In the case of the transgender ban, Mattis was able to work the issues with help inside the White House so when the guidance came back to the Pentagon it was vague and gave him some wiggle room.

Instead of an order to immediately discharge transgender troops, an option advocated by the now-departed Gorka, Mattis has six months to convene a panel of experts and then make a recommendation to the president.

Trump may again go with his gut, or he may be worn down by his generals by next spring, perhaps convinced that the transgender fight is not worth the aggravation, especially when there are bigger problems to tackle, such as North Korea.

Trump is still at odds with his generals on dealing with the bellicose rhetoric and provocative actions of North Korea's Kim Jong Un.

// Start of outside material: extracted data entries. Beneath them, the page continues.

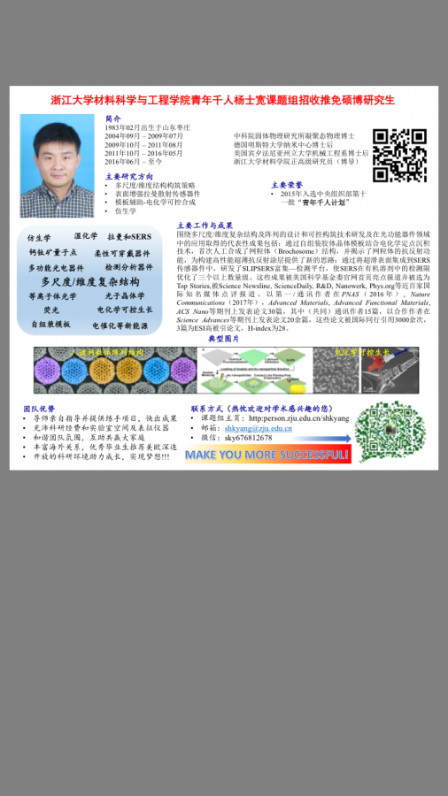 浙大青千杨士宽老师课题组招19届推免生
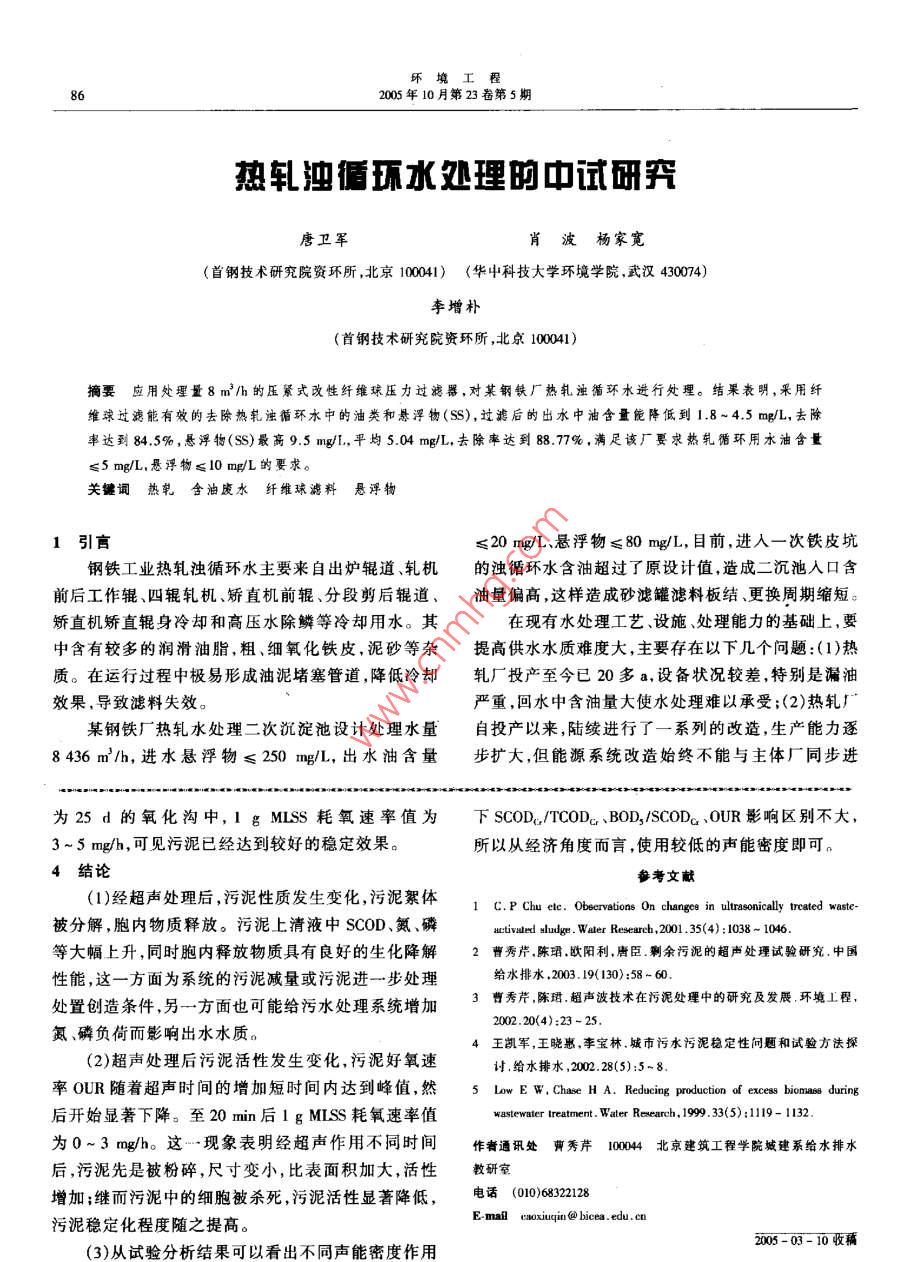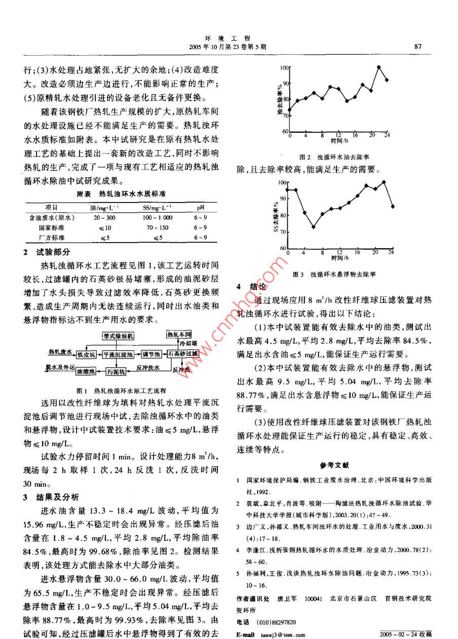 環(huán)境工程2005年10月第23卷第5期熱軋迎循環(huán)水逃理的中試研唐衛(wèi)軍肖波楊家寬(首鋼技術(shù)研究院資環(huán)所,北京100041)(華中科技大學(xué)環(huán)境學(xué)院,武漢430074)李增樸(首鋼技術(shù)研究院資環(huán)所,北京100041)摘要應(yīng)用處理量8m3/h的壓緊式改性纖維球壓力過濾器,對(duì)某鋼鐵廠熱軋濁循環(huán)水進(jìn)行處理。結(jié)果表明,釆用纖維球過濾能有效的去除熱軋濁循環(huán)水中的油類和懸浮物(SS),過濾后的出水中油含量能降低到1.8~45mg/L,去除率達(dá)到84,5%,懸浮物(S最高9.5mg/I,平均5.04mg/L,去除率達(dá)到88.77%,滿足該廠要求熱軋循環(huán)用水油含量≤5mg/L,懸浮物≤10mgL的要求關(guān)螻詞熱軋含油痰水纖維球?yàn)V料懸浮物1引言≤20mg/L、懸浮物≤80mg/L,目前,進(jìn)入一次鐵皮坑鋼鐵工業(yè)熱軋濁循環(huán)水主要來自出爐輥道、乳軋機(jī)的濁循環(huán)水含油超過了原設(shè)計(jì)值,造成二沉池入口含前后工作輥、四輥軋機(jī)、矯直機(jī)前輥、分段剪后輥道、油量偏高,這樣造成砂濾罐濾料板結(jié)、更換周期縮短。矯直機(jī)矯直輥身冷卻和高壓水除鱗等冷卻用水。其在現(xiàn)有水處理工藝、設(shè)施、處理能力的基礎(chǔ)上,要中含有較多的潤(rùn)滑油脂,粗、細(xì)氧化鐵皮,泥砂等雜提高供水水質(zhì)難度大,主要存在以下幾個(gè)問題:(1)熱質(zhì)。在運(yùn)行過程中極易形成油泥堵塞管道降低冷卻軋廠投產(chǎn)至今已20多a,設(shè)備狀況較差,特別是漏油效果,導(dǎo)致濾料失效。嚴(yán)重,回水中含油量大使水處理難以承受;(2)熱軋廠某鋼鐵廠熱軋水處理二次沉淀池設(shè)計(jì)處理水量自投產(chǎn)以來,陸續(xù)進(jìn)行了一系列的改造,生產(chǎn)能力逐8436m3/h,進(jìn)水懸浮物≤250mg/L,出水油含量步擴(kuò)大,但能源系統(tǒng)改造始終不能與主體廠同步進(jìn)為25d的氧化溝中, I g MLSS耗氧速率值為下scoD,/ TCODcr、BOD2 SCODG、OUR影響區(qū)別不大3~5mg/h,可見污泥已經(jīng)達(dá)到較好的穩(wěn)定效果。所以從經(jīng)濟(jì)角度而言,使用較低的聲能密度即可。4結(jié)論考文獻(xiàn)(1)經(jīng)超聲處理后,污泥性質(zhì)發(fā)生變化,污泥絮體1 C P Chu etc. Observations On changes in ultrasonically treated waste-被分解,胞內(nèi)物質(zhì)釋放。污泥上清液中SCOD、氮、磷activaled Sludge. Water Research, 2001. 35(4): 1038-1046等大幅上升,同時(shí)胞內(nèi)釋放物質(zhì)具有良好的生化降解2曹秀芹陳增歐陽利唐臣剩余污泥的超聲處理試驗(yàn)研究中國性能,這一方面為系統(tǒng)的污泥減量或污泥進(jìn)一步處理給水排水,2003.19(130):58處置創(chuàng)造條件,另一方面也可能給污水處理系統(tǒng)增加3曹秀芹,陳f超聲波技術(shù)在污泥處理中的研究及發(fā)展環(huán)境L程氮、磷負(fù)荷而影響出水水質(zhì)。200220(4):23-4王凱軍,王曉惠,李寶林城市污水污泥穩(wěn)定性問題和試驗(yàn)方法探(2)超聲處理后污泥活性發(fā)生變化,污泥好氧速討給水排水,2002.28(5):5~8率OUR隨著超聲時(shí)間的增加短時(shí)間內(nèi)達(dá)到峰值,然5 LOwe w., Chase h a. Reducing production of excess biomass during后開始顯著下降。至20min后 i g miss耗氧速率值wastewater treatment. Water Research, 1999. 33(5): 1119-1132為0~3mg/h。這…現(xiàn)象表明經(jīng)超聲作用不同時(shí)間作者通訊處卿秀芹1004北京建筑工程學(xué)院城建系給水排水后,污泥先是被粉碎,尺寸變小,比表面積加大,活性教研室增加;繼而污泥中的細(xì)胞被殺死,污泥活性顯著降低,電話(006822污泥穩(wěn)定化程度隨之提高。E-mail caoxiuqin@ bicea. edu.en從試驗(yàn)分析結(jié)果可以看出不同聲能密度作用2005-03-10收稱環(huán)境工程2005年10月第23卷第5期行;(3)水處理占地緊張,無擴(kuò)大的余地;(4)改造難度大。改造必須邊生產(chǎn)邊進(jìn)行,不能影響正常的生產(chǎn)(5)原精軋水處理引進(jìn)的設(shè)備老化且無備件更換。隨著該鋼鐵廠熱軋生產(chǎn)規(guī)模的擴(kuò)大,原熱軋車間的水處理設(shè)施已經(jīng)不能滿足生產(chǎn)的需要。熱軋濁環(huán)水水質(zhì)標(biāo)準(zhǔn)如附表。本中試研究是在原有熱軋水處理工藝的基礎(chǔ)上提出一套新的改造工藝,同時(shí)不影響圖2濁循環(huán)水油去除率熱軋的生產(chǎn),完成了一項(xiàng)與現(xiàn)有工藝相適應(yīng)的熱軋濁除,且去除率較高,能滿足生產(chǎn)的需要循環(huán)水除油中試研究成果附表熱軋濁環(huán)水水質(zhì)標(biāo)準(zhǔn)項(xiàng)日油/ng1-smg;L含油廢水(原水)20100~1000國家標(biāo)準(zhǔn)70-150廠方標(biāo)準(zhǔn)2試驗(yàn)部分熱軋濁循環(huán)水工藝流程見圖1,該工藝運(yùn)轉(zhuǎn)時(shí)間較長(zhǎng),過濾罐內(nèi)的石英砂極易堵塞,形成的油泥砂層圖3濁循環(huán)水懸浮物去除率增加了水頭損失導(dǎo)致過濾效率降低,石英砂更換頻4結(jié)論繁,造成生產(chǎn)周期內(nèi)無法連續(xù)運(yùn)行,同時(shí)出水油類和通過現(xiàn)場(chǎng)應(yīng)用8m3/h改性纖維球壓濾裝置對(duì)熱懸浮物指標(biāo)達(dá)不到生產(chǎn)用水的要求。軋濁循環(huán)水進(jìn)行試驗(yàn),得出以下結(jié)論:(1)本中試裝置能有效去除水中的油類,測(cè)試出〔帶式除油機(jī)熱軋車間水最高4.5mg/L,平均2.8mg/L,平均去除率84.5%,-鐵皮抗平流沉淀池“調(diào)節(jié)油英砂過鴻滿足出水含油≤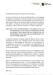 ~SAC'HsEN STAATSMlNlSTERlUM DER FINANZEN Der Staatsregierung liegen keine entsprechenden Erkenntnisse vor. Die Kommunen bestimmen die Höhe der Grundsteuereinnahmen mit der Festlegung der Hebesätze. Die Hebesätze für die ab 2025 auf Basis der neuen Grundsteuerwerte zu zahlende Grundsteuer werden im Jahr 2024 festgelegt. Die sächsischen Kommunen haben signalisiert, dass sie eine aufkommensneutrale Umsetzung der Grundsteuerre- form anstreben - das heißt, dass sich die Einnahmen aufgrund der Grundsteuerreform nicht erhöhen, sondern im Rahmen der Einnahmen vor der Reform bewegen sollen . Frage 2: Gibt es schon Informationsschreiben an die sächsischen Haus- und Grundstücksbesitzer, die auch Hinweise und Hilfestellung für die Erklä- rung enthalten? Falls ja: Wieviel Prozent der sächsischen Haus- und Immobilienbesitzer wurden bereits über die Grundsteuerreform infor- miert und Unterlagen angefordert? Die Eigentümer sächsischer Grundstücke erhalten seit Mitte April 2022 ein Informa- tionsschreiben per Post von ihrem zuständigen Finanzamt. Darin finden sich neben Informationen zur Erklärungsabgabe die Telefonnummer der Finanzamtshotline zur Grundsteuerreform und die Termine für die Abgabe der Grundsteuererklärung. Die sächsische Informationsseite zur Grundsteuerreform www.grundsteuer.sachsen .de wird dort ebenfalls aufgeführt. Hat ein Grundstück mehr als einen Eigentümer, wird nur einer der Miteigentümer ange- schrieben. Grund dafür ist, dass bei mehreren Eigentümern nur einer mit Wirkung für alle die Steuererklärung abgeben kann. Insgesamt werden in Sachsen ca. 2 Millionen dieser Informationsschreiben versandt. Der Versand ist seit Mitte Juni weitgehend ab- geschlossen. Bereits am 30. März 2022 hat das Bundesministerium der Finanzen öffentlich zur Ab- gabe der Grundsteuererklärung ab dem 1. Juli 2022 aufgefordert (BStBI 1 2022, S. 205). Konkret angesprochen sind die Eigentümer von Grundstücken bzw. Betrieben der Land- und Forstwirtschaft sowie Erbbauberechtigte zum Stichtag 1. Januar 2022. Allein diese Bekanntmachung löst die Erklärungspflicht rechtsverbindlich aus. Seite 2 von 4

While Trump tweeted that "Talking is not the answer!" Mattis, who happened to be meeting at the Pentagon with Song Young-moo, South Korea's defense minister, responded calmly, "We're never out of diplomatic solutions."

Kelly has reportedly told the White House staff that his job is to manage them, not the president.

But under Kelly the responses to North Korea's missile tests have tended to come from official White House statements, instead of angry early morning tweets.

"We don't know if the new chief of staff Kelly has hidden Trump's BlackBerry or not," said Bruce Klingner of the Heritage Foundation, "but it does seem to be a more reflective traditional response than we have seen to some North Korean provocations."

One senior Pentagon official, who has been in some national security meetings, says Trump seems to rely more on the retired generals, such as Mattis and Kelly for advice.

"He's very much the CEO, he hired these guys to do a job, and he appreciates their wisdom and experience."

On the other hand, he says Dunford, who is still in uniform, tries to stick to what the official called, "straight, no kidding, honest assessments."

Mattis himself disputes the notion that Trump is inflexible.

Speaking to reporters informally last week, Mattis said, "The first time I met with President Trump, we disagreed on three things in my first 40 minutes with him: on NATO, on torture and something else, and he hired me. This is not man who is immune to being persuaded, if he thinks you've got an argument."